Mr Morphew admitted that the recession had slowed building projects but said: “I think the desire to develop in the city hasn't gone away.

“A lot of people, developers and businesses last year were taking a breather to wait to see how it was going to pan out, but I think what most people are now clear about is that this is a temporary lull and that Norwich is going to be a blooming good place to be over the next few years.”

Some of the hopes of reviving development in Norwich rest with the Homes and Communities Agency (HCA), a national housing and regeneration body.

Last September an agreement was signed between Norwich City Council and the HCA. Under the partnership, the HCA will invest £8m into Norwich and the city council will invest in a number of sites for new homes around the city, including the Three Score development in Bowthorpe, where funding will help to put infrastructure in place ahead of building new homes.

The sites will be jointly developed and the surplus which comes out of these will be reinvested jointly into more regeneration schemes in the city.
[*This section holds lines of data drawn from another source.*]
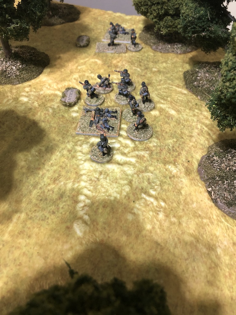 With force morale at two the Germans must move a unit to a jump-off-point. The squad at the corner of the woods is the most vulnerable and so it makes sense to pull them back from the firing line.
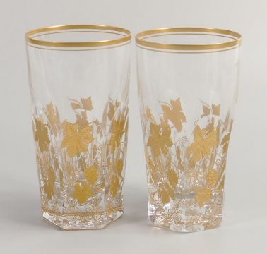 De Lamerie Fine Bone China heavily gilded Glass Crystal Tumblers , specially made high end quality item, Made in England, height 13.5cm(2)
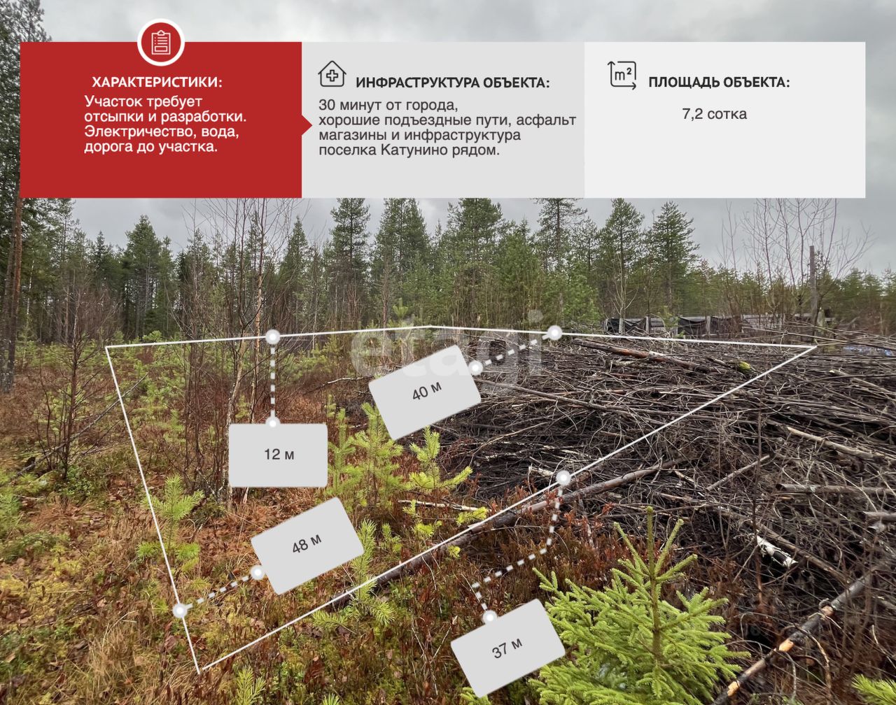 В СНТ Катунинец выставлен на продажу земельный участок площадью 7,1 сотки, который находится в стадии разработки и требует отсыпки. К участку проведена грунтовая дорога, на границе участка установлен столб. Водоснабжение в СНТ осуществляется из колодца или скважины.
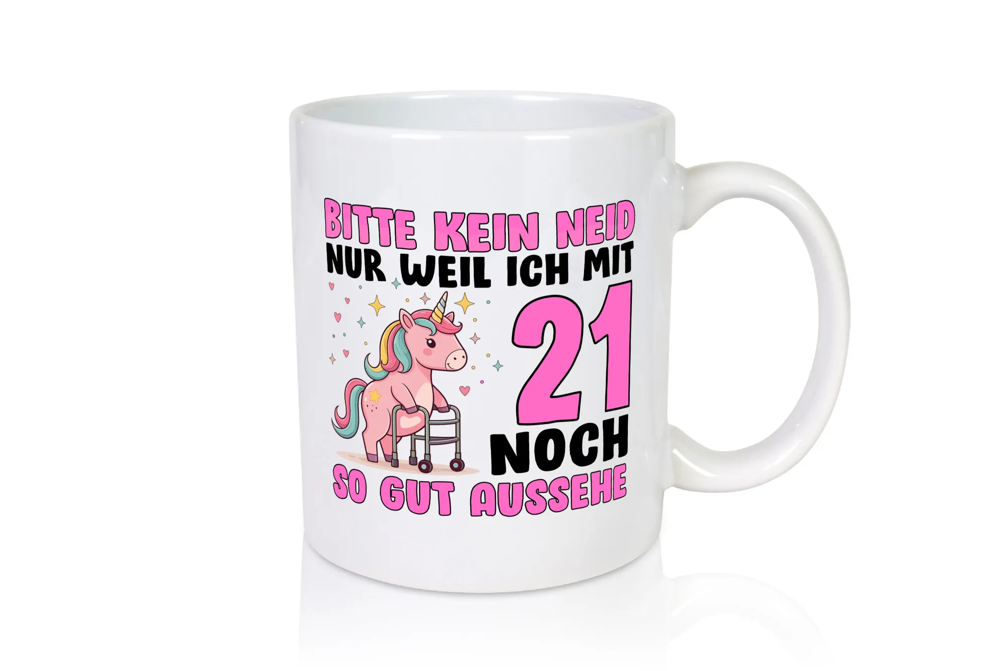 21. Geburtstag | 21 Jahre | Mit 21 noch so gut aussehen v2 – Tasse Weiß – Kaffeetasse / Geschenk / Familie
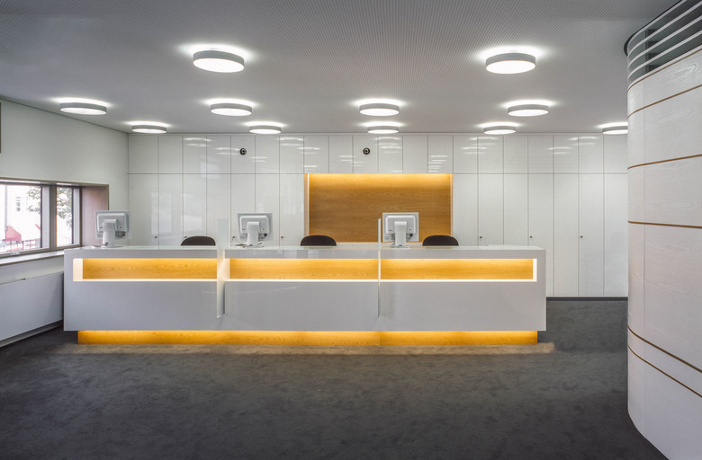 Das Gebäude wird über Eck erschlossen. Im Erdgeschoss liegen das Foyer mit den Geldautomaten und die Kundenhalle mit den Serviceplätzen. Über einen behindertengerechten Aufzug bzw. Treppenhaus gelangt man in alle Geschosse. Weitestgehend sind dort Büros, Besprechungsräume und Räume zur Kundenberatung angeordnet.
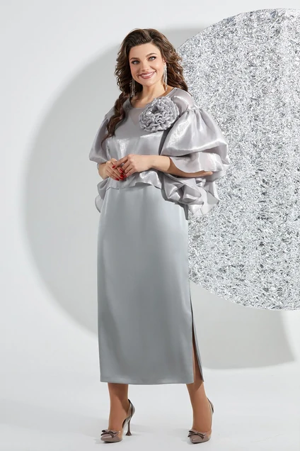 Эффектный комплект, состоит из платья полу-прилегающего силуэта и блузы из органзы. Платье выполнено из атласа, на трикотажной подкладке, горловина V-образной формы, также на полочке выполнены нагрудные вытачки. Спинка со средним швом и вытачками, в среднем шве потайная молния, пройма обтачена подкладкой. Блуза свободного покроя, горловина округлой формы, окантована. Пройма обаботана присборенными, объемными воланами из органзы, также полочка декорирована съемным цветком из органзы. Эффектная блуза дополнит ваш образ и сделает вас королевой любого мероприятия! Длина платья 126см, Длина блузки 44см в 52р. Блузка. Ширина груди- 60см, длина рукава- 42см от горловины. Платье. Ширина груди- 53см, Ширина талии -50см, Ширина бедер- 58см
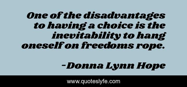 This page presents the quote "One of the disadvantages to having a choice is the inevitability to hang oneself on freedoms rope.". Author of this quote is Donna Lynn Hope. This quote is about freedom, responsibility, consequences, choice,.
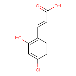 | 异名/同义词 | (E)-3-(2,4-DIHYDROXYPHENYL)ACRYLIC ACID 2,4-DIHYDROXYCINNAMIC ACID 2-PROPENOIC ACID, 3-(2,4-DIHYDROXYPHENYL)- 2-PROPENOIC ACID, 3-(2,4-DIHYDROXYPHENYL)-, (2E)- 3-(2,4-DIHYDROXYPHENYL)-2-PROPENOIC ACID 3-(2,4-DIHYDROXYPHENYL)ACRYLIC ACID TRANS-2,4-DIHYDROXYCINNAMIC ACID UMBELLIC ACID
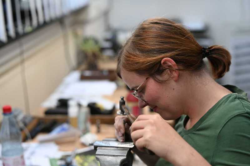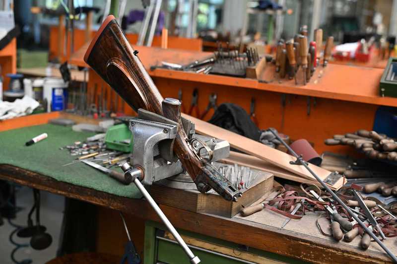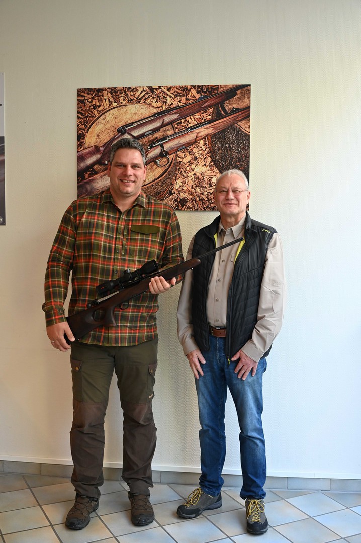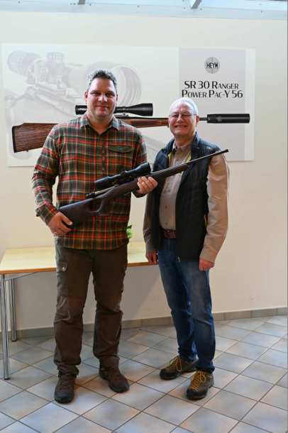 .... die Übergabe heute hat geklappt . Manfred Eisenbrand hat sich 2 Stunden Zeit genommen und uns durch das Werk geführt. Von dem Laufbohren über das Laufhämmern in der 50 Jahre alten Hämmermaschine zum herstellen der Gestecke für Doppelbüchsen, das Systemieren ,das verlöten der Laufbündel ,zum Schäften und dem Schaftholzlager. Eine Graveurin durften wir bei ihrer Arbeit beobachten und mit Fragen löchern. Die ganze Zeit hat auch Manfred Eisenbrand unsere Fragen geduldig beantwortet. Den Schießstand mit der Werkstatt zum regulieren der Doppelbüchsen hat er uns dann noch vorgeführt. Anschließen ging es in den "Showroom" dort hat er uns ein paar Schmuckstücke in die Hand gedrückt (siehe Fotos) und die ganze Modellpalette konnten wir ausprobieren . Im ganzen Werk wird noch sehr viel mit der Hand und am Schraubstock gearbeitet. Dann durfte Oliver seinen Hauptpreis eine SR 30 , übernehmen und am Schießstand wurde die Waffe mit seinen mitgebrachten Patronen eingeschossen.
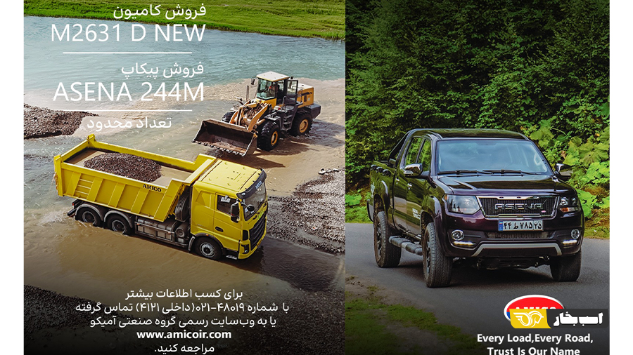 فروش محدود ۲ محصول آمیکو، کامیون M2631DNEW و پیکاپ آسنا آغاز شده است. دو محصولی که در سالهای اخیر جزء پرفروشهای بازار خودرو بودهاند. البته مرحله قیمت قطعی و شرایط فروش اعلام نشده است و علاقهمندان باید از شرکت اطلاعات موردنیاز را دریافت کنند.
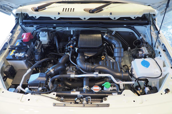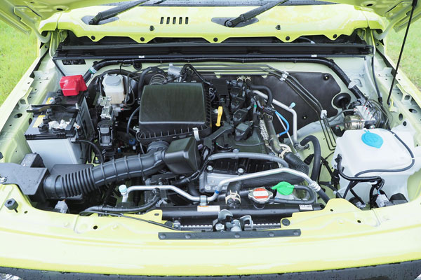ジムニー660は、R06A型直3-DOHCガソリンターボを搭載。最大出力47kW/6,000rpm、最大トルク96Nm/3,500rpmというスペックで、先代K6A型に較べて最大トルク値をややダウン(103→96kW)させているが、最高出力の発生回転数を下げる(6,500→6,000rpm)などして扱いやすさを重視したセッティングとした。
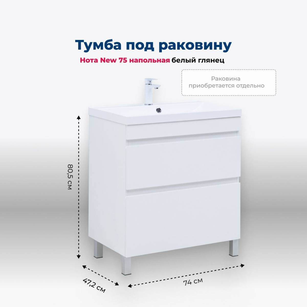 Тумба под раковину (без раковины) Aquanet Нота New 75 белый глянец
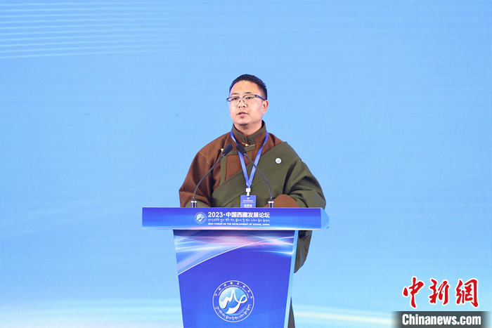 5月23日,“2023·中國(guó)西藏發(fā)展論壇”在北京舉行。中國(guó)藏學(xué)研究中心總干事鄭堆發(fā)言介紹了中共十八大以來(lái),西藏傳統(tǒng)文化得到傳承、保護(hù)和發(fā)展的情況。 中新社記者 蔣啟明 攝
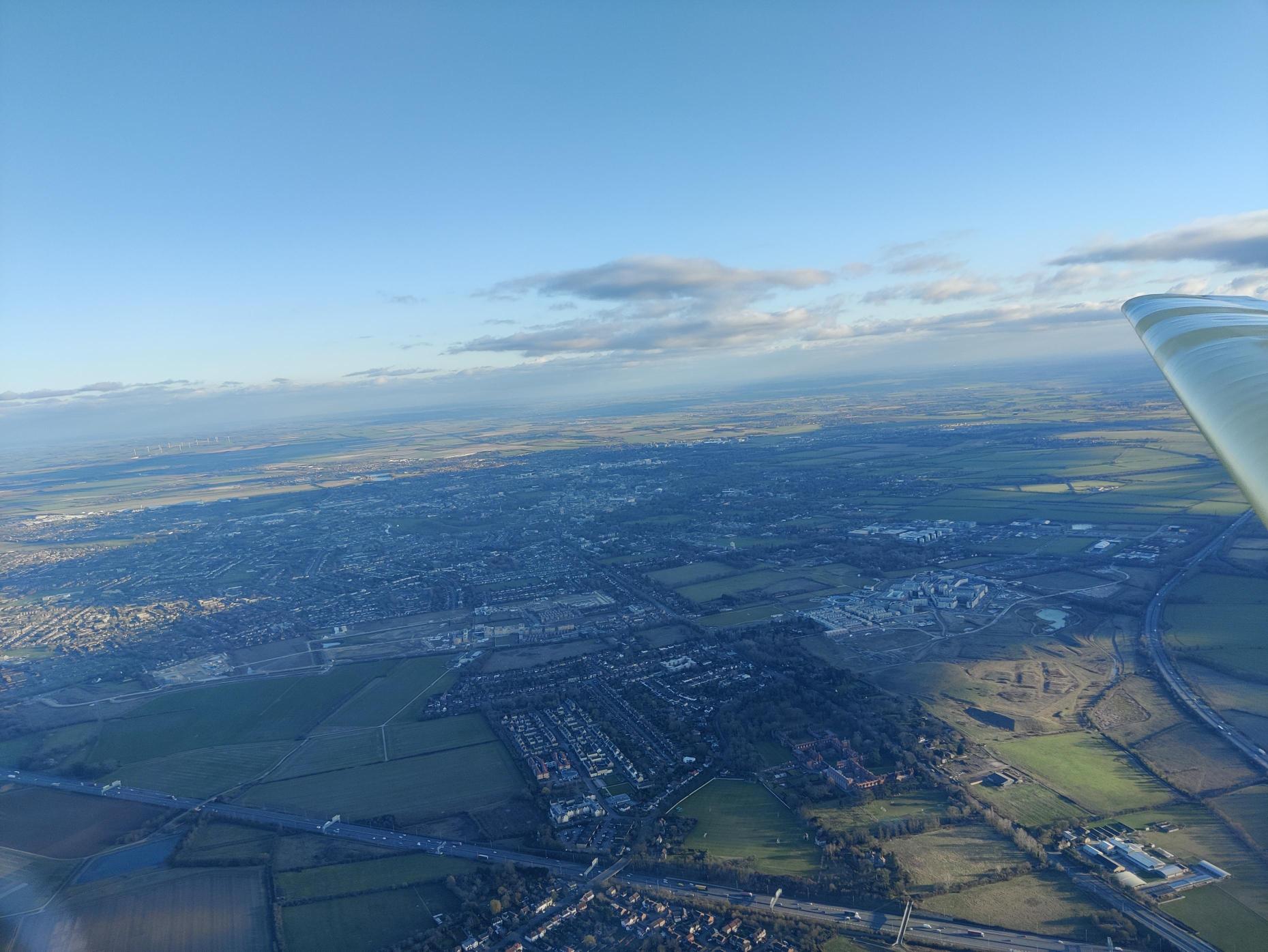 Furthermore, the motor glider is able to travel much further afield than a glider on non-soaring days. Our regular route involves an air tour out to Grafham water and St Neots before returning to Gransden Lodge, but there is scope for customisation if desired. One of the students I flew with lives in Toft which is a village between Cambridge and Gransden, and we were able to overfly the village to have a look at his family house and neighbourhood. In late afternoons when Cambridge radar gets less busy, I was also able to get ATZ transit clearance on a couple of occasions and I took my student over the city to play the game of ‘finding your college’. Both described the flight as fantastic afterwards.
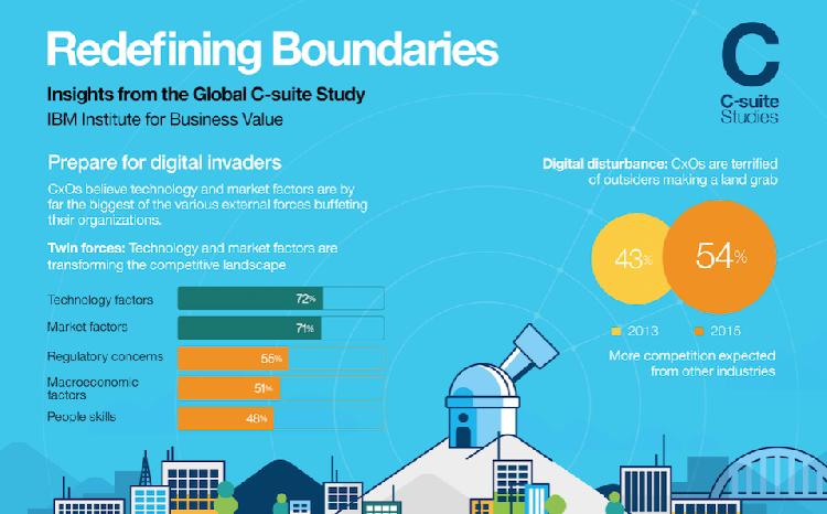 أشارت دراسة جديدة لشركة "أي بي أم" بعنوان "إعادة صياغة الحدود: رؤى من دراسة توجهات الرؤساء التنفيذيين حول العالم" إلى أن التحولات الجذرية الناجمة عن منافسين غير متوقعين باتت تشكل مصدر قلق كبير للرؤساء التنفيذيين في المنطقة؛ فخلال عامين فقـط، ارتفعت نسبة الرؤساء التنفيذيين العالميين الذين يتوقعون المنافسة من خارج القطاع من 43% في عام 2013 إلى 54% اليوم.

More than 1,300 new homes and hundreds of new jobs are expected to be created over a 12-year period.

But it is not just the council that is working with the HCA. Developers themselves have been given the chance to bid for grant funding to kick-start building projects across the country.

In England the HCA received 666 bids from housebuilders and housing associations, asking for much more money than the considerable sums the agency has to hand out.

City Living Developments, which is behind the £100m St Anne's Wharf project for more than 400 homes between King Street and the Wensum, has been shortlisted for some of this cash and will find out in June if it has been successful.

Graeme Whyte, group managing director for City Living Developments, said: “We are extremely optimistic about securing that.

“The grant, in conjunction with our funders, will be exactly what we need to kick-start the scheme.”

Mr Whyte said that if secured, the funding would help them to begin work on 126 homes, a couple of retail units and a car park.

He said: “We are one of the biggest developments in the middle of Norwich. We are extremely keen to do it, but like any developer we have to get the balance and the risk right - for example where is the market, can we sell and is our bank with us?”

He said that forecasts predict a tough year for 2010, but said if the funding was secured they would be “keen to get back on track this year”.

Terry Fuller, regional director of the HCA, said a professional committee would be deciding on the grants. He said that schemes that do not have the support of their local authority would not be successful in their bids.